WORK TO COMPLETE >>
Down to the last character, repeat the entries beneath this task.

DATASET EXTRACT >>
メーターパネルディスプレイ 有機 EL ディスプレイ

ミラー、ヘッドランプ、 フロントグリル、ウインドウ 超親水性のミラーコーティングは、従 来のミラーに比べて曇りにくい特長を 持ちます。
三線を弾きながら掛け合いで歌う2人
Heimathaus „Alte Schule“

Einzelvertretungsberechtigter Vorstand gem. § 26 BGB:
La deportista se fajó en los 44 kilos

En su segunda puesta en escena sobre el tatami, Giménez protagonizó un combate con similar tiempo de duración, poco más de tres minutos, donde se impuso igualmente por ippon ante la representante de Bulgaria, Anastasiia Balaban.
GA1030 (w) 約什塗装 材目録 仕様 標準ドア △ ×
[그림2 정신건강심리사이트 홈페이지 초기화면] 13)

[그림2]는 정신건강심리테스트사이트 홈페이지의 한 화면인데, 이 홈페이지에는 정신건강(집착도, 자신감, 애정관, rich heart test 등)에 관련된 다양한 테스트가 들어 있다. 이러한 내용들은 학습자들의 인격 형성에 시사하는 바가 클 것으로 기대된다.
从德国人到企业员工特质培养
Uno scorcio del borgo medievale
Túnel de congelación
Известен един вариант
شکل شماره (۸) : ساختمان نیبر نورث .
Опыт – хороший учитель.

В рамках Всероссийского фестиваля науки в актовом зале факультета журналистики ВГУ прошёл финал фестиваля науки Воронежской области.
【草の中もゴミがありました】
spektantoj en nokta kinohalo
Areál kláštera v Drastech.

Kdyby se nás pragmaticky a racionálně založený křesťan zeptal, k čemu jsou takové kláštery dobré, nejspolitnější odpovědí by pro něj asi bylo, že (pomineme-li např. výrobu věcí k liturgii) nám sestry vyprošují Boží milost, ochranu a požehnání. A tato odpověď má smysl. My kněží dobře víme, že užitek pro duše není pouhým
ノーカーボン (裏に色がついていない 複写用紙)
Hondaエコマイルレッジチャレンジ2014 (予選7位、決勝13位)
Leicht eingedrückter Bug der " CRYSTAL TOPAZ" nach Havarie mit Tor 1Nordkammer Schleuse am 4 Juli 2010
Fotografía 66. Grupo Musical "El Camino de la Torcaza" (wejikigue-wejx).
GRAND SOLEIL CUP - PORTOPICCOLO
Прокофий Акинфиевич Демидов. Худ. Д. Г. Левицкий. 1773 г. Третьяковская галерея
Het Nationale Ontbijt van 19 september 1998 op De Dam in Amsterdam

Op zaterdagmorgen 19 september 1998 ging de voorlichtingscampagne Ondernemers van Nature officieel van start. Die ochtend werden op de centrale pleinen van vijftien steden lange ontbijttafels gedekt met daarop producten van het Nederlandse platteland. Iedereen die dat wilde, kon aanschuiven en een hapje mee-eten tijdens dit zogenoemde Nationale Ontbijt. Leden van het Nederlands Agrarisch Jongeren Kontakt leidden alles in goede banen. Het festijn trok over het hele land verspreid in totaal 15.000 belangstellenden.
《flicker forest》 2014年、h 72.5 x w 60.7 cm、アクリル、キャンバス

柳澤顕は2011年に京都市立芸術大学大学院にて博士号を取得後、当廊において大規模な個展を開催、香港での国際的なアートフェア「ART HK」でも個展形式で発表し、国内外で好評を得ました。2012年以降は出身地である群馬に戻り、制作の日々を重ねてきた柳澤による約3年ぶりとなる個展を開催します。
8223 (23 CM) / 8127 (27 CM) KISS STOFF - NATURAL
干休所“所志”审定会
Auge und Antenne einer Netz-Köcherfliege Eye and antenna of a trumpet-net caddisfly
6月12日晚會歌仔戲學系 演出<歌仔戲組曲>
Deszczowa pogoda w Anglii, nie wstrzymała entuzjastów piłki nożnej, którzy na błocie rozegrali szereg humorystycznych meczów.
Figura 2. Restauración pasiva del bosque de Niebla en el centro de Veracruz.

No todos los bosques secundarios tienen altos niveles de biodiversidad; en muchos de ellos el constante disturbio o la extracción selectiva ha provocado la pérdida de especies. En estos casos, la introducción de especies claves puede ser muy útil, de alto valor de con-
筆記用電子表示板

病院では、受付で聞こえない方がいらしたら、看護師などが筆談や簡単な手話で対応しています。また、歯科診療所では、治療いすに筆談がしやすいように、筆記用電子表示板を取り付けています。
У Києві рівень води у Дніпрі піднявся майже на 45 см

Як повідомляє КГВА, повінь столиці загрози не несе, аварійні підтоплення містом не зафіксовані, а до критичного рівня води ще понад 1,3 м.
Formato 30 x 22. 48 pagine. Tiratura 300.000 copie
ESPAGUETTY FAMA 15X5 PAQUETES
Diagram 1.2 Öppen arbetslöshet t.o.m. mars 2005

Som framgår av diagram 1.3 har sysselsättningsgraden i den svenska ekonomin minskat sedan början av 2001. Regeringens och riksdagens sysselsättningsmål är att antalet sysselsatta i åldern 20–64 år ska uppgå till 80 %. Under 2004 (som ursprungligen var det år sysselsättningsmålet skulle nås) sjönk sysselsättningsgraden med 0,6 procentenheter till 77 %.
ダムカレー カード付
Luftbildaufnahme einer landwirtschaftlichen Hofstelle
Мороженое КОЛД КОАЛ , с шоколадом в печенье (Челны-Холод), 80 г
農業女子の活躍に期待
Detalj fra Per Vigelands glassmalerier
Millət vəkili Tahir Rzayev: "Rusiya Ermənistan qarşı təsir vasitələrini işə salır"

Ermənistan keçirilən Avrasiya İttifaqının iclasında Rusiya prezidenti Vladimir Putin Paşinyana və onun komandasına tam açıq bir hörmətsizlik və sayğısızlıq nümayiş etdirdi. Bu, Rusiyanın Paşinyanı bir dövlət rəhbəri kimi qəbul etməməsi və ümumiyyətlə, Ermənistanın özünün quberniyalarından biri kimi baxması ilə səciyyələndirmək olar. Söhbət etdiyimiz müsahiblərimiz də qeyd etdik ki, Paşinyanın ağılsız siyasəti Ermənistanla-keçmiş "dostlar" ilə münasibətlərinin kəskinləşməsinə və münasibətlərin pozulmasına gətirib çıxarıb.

RESPONSE TO THE EXERCISE >>
メーターパネルディスプレイ 有機 EL ディスプレイ

ミラー、ヘッドランプ、 フロントグリル、ウインドウ 超親水性のミラーコーティングは、従 来のミラーに比べて曇りにくい特長を 持ちます。
三線を弾きながら掛け合いで歌う2人
Heimathaus „Alte Schule“

Einzelvertretungsberechtigter Vorstand gem. § 26 BGB:
La deportista se fajó en los 44 kilos

En su segunda puesta en escena sobre el tatami, Giménez protagonizó un combate con similar tiempo de duración, poco más de tres minutos, donde se impuso igualmente por ippon ante la representante de Bulgaria, Anastasiia Balaban.
GA1030 (w) 約什塗装 材目録 仕様 標準ドア △ ×
[그림2 정신건강심리사이트 홈페이지 초기화면] 13)

[그림2]는 정신건강심리테스트사이트 홈페이지의 한 화면인데, 이 홈페이지에는 정신건강(집착도, 자신감, 애정관, rich heart test 등)에 관련된 다양한 테스트가 들어 있다. 이러한 내용들은 학습자들의 인격 형성에 시사하는 바가 클 것으로 기대된다.
从德国人到企业员工特质培养
Uno scorcio del borgo medievale
Túnel de congelación
Известен един вариант
شکل شماره (۸) : ساختمان نیبر نورث .
Опыт – хороший учитель.

В рамках Всероссийского фестиваля науки в актовом зале факультета журналистики ВГУ прошёл финал фестиваля науки Воронежской области.
【草の中もゴミがありました】
spektantoj en nokta kinohalo
Areál kláštera v Drastech.

Kdyby se nás pragmaticky a racionálně založený křesťan zeptal, k čemu jsou takové kláštery dobré, nejspolitnější odpovědí by pro něj asi bylo, že (pomineme-li např. výrobu věcí k liturgii) nám sestry vyprošují Boží milost, ochranu a požehnání. A tato odpověď má smysl. My kněží dobře víme, že užitek pro duše není pouhým
ノーカーボン (裏に色がついていない 複写用紙)
Hondaエコマイルレッジチャレンジ2014 (予選7位、決勝13位)
Leicht eingedrückter Bug der " CRYSTAL TOPAZ" nach Havarie mit Tor 1Nordkammer Schleuse am 4 Juli 2010
Fotografía 66. Grupo Musical "El Camino de la Torcaza" (wejikigue-wejx).
GRAND SOLEIL CUP - PORTOPICCOLO
Прокофий Акинфиевич Демидов. Худ. Д. Г. Левицкий. 1773 г. Третьяковская галерея
Het Nationale Ontbijt van 19 september 1998 op De Dam in Amsterdam

Op zaterdagmorgen 19 september 1998 ging de voorlichtingscampagne Ondernemers van Nature officieel van start. Die ochtend werden op de centrale pleinen van vijftien steden lange ontbijttafels gedekt met daarop producten van het Nederlandse platteland. Iedereen die dat wilde, kon aanschuiven en een hapje mee-eten tijdens dit zogenoemde Nationale Ontbijt. Leden van het Nederlands Agrarisch Jongeren Kontakt leidden alles in goede banen. Het festijn trok over het hele land verspreid in totaal 15.000 belangstellenden.
《flicker forest》 2014年、h 72.5 x w 60.7 cm、アクリル、キャンバス

柳澤顕は2011年に京都市立芸術大学大学院にて博士号を取得後、当廊において大規模な個展を開催、香港での国際的なアートフェア「ART HK」でも個展形式で発表し、国内外で好評を得ました。2012年以降は出身地である群馬に戻り、制作の日々を重ねてきた柳澤による約3年ぶりとなる個展を開催します。
8223 (23 CM) / 8127 (27 CM) KISS STOFF - NATURAL
干休所“所志”审定会
Auge und Antenne einer Netz-Köcherfliege Eye and antenna of a trumpet-net caddisfly
6月12日晚會歌仔戲學系 演出<歌仔戲組曲>
Deszczowa pogoda w Anglii, nie wstrzymała entuzjastów piłki nożnej, którzy na błocie rozegrali szereg humorystycznych meczów.
Figura 2. Restauración pasiva del bosque de Niebla en el centro de Veracruz.

No todos los bosques secundarios tienen altos niveles de biodiversidad; en muchos de ellos el constante disturbio o la extracción selectiva ha provocado la pérdida de especies. En estos casos, la introducción de especies claves puede ser muy útil, de alto valor de con-
筆記用電子表示板

病院では、受付で聞こえない方がいらしたら、看護師などが筆談や簡単な手話で対応しています。また、歯科診療所では、治療いすに筆談がしやすいように、筆記用電子表示板を取り付けています。
У Києві рівень води у Дніпрі піднявся майже на 45 см

Як повідомляє КГВА, повінь столиці загрози не несе, аварійні підтоплення містом не зафіксовані, а до критичного рівня води ще понад 1,3 м.
Formato 30 x 22. 48 pagine. Tiratura 300.000 copie
ESPAGUETTY FAMA 15X5 PAQUETES
Diagram 1.2 Öppen arbetslöshet t.o.m. mars 2005

Som framgår av diagram 1.3 har sysselsättningsgraden i den svenska ekonomin minskat sedan början av 2001. Regeringens och riksdagens sysselsättningsmål är att antalet sysselsatta i åldern 20–64 år ska uppgå till 80 %. Under 2004 (som ursprungligen var det år sysselsättningsmålet skulle nås) sjönk sysselsättningsgraden med 0,6 procentenheter till 77 %.
ダムカレー カード付
Luftbildaufnahme einer landwirtschaftlichen Hofstelle
Мороженое КОЛД КОАЛ , с шоколадом в печенье (Челны-Холод), 80 г
農業女子の活躍に期待
Detalj fra Per Vigelands glassmalerier
Millət vəkili Tahir Rzayev: "Rusiya Ermənistan qarşı təsir vasitələrini işə salır"

Ermənistan keçirilən Avrasiya İttifaqının iclasında Rusiya prezidenti Vladimir Putin Paşinyana və onun komandasına tam açıq bir hörmətsizlik və sayğısızlıq nümayiş etdirdi. Bu, Rusiyanın Paşinyanı bir dövlət rəhbəri kimi qəbul etməməsi və ümumiyyətlə, Ermənistanın özünün quberniyalarından biri kimi baxması ilə səciyyələndirmək olar. Söhbət etdiyimiz müsahiblərimiz də qeyd etdik ki, Paşinyanın ağılsız siyasəti Ermənistanla-keçmiş "dostlar" ilə münasibətlərinin kəskinləşməsinə və münasibətlərin pozulmasına gətirib çıxarıb.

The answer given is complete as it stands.